With Northflank, you can have Qwen3-Coder running in minutes.
Northflank simplifies GPU resource management, offers easy scaling, and provides integrated monitoring and logging.
1️⃣ Data privacy: Keep full control over your code, logs, and data in Northflank’s secure cloud.
2️⃣ High performance: Use Northflank’s GPU-powered infrastructure for fast, low-latency inference.
3️⃣ Quick and simple setup: Get Qwen3-Coder running in under an hour.
4️⃣ Scalable infrastructure: Adjust resources easily to match your project’s needs.
5️⃣ No rate-limits: Get Claude Sonnet 4 level performance without any rate-limits and API costs.
- A Northflank account (which you can create here)
- Python installed locally (optional, for interacting with the model via API)
Option 1: One-click deploy
You can deploy Qwen3-Coder with Open WebUI using Northflank’s stack template in one click.

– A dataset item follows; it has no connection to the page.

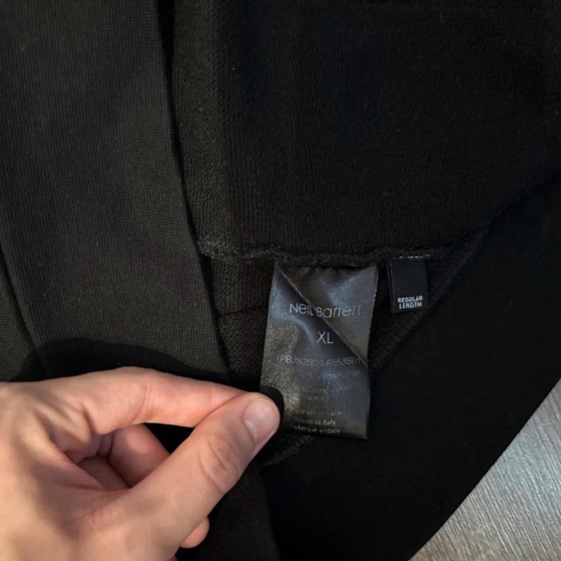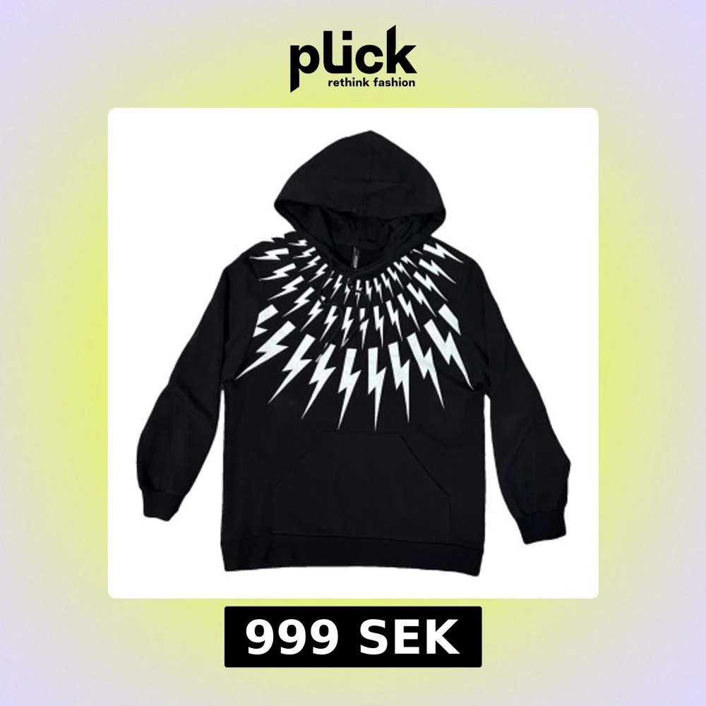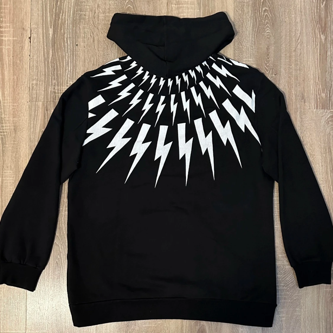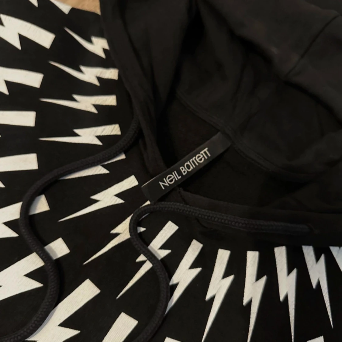 Svart hoodie från Neil Barrett med ikoniskt vitt blixtmönster runt halsen, både fram och bak. Org pris runt 4500kr! Tröjan har huva med snörning och en stor magficka. Tillverkad i mjuk bomull för maximal komfort och streetkänsla.

Sign up and configure your Northflank account
You can read the documentation to familiarize yourself with the platform.
Northflank provides templates to deploy Qwen3-Coder with a few clicks.
Deploy the stack to save the template in your team, then run it to create a cluster in Northflank’s cloud with a vLLM service for high-performance inference and an Open WebUI for easy interaction.
For more details on this, see our guide on deploying Qwen3-Coder.
Option 2: Deploy Qwen 3-Coder on Northflank manually
Below are the steps to deploy manually.
- In your Northflank account, create a new project.
- Name it, select a GPU-enabled region, and click create.
- Create a new service in your project and select deployment.
- Name the service qwen3-coder-vllm and choose external image as the source.
- Use the image path
vllm/vllm-openai:latest
. - Add a runtime variable with the key OPENAI_API_KEY and click the key to generate a random value. Select length 128 or greater and copy this to the environment variable value.
- In networking, add port 8000 with http protocol and publicly expose it for this guide.
- Select a GPU deployment plan, and choose Nvidia’s H200 from the GPU dropdown with a count of 8 for high-performance inference.
- In advanced options, set a custom command to sleep 1d to start vLLM without loading a default model.
- Click create service.
Containers on Northflank are ephemeral, so data is lost on redeployment. To avoid re-downloading Qwen3-Coder:
- From the service dashboard, go to volumes.
- Add a volume named vllm-models with 1000GB storage.
- Set the mount path to /root/.cache/huggingface for Hugging Face model downloads.
- Click create and attach volume.
- Open the shell in a running instance from the service overview or observability dashboard.
- Download and serve the model with: vllm serve Qwen/Qwen3-Coder.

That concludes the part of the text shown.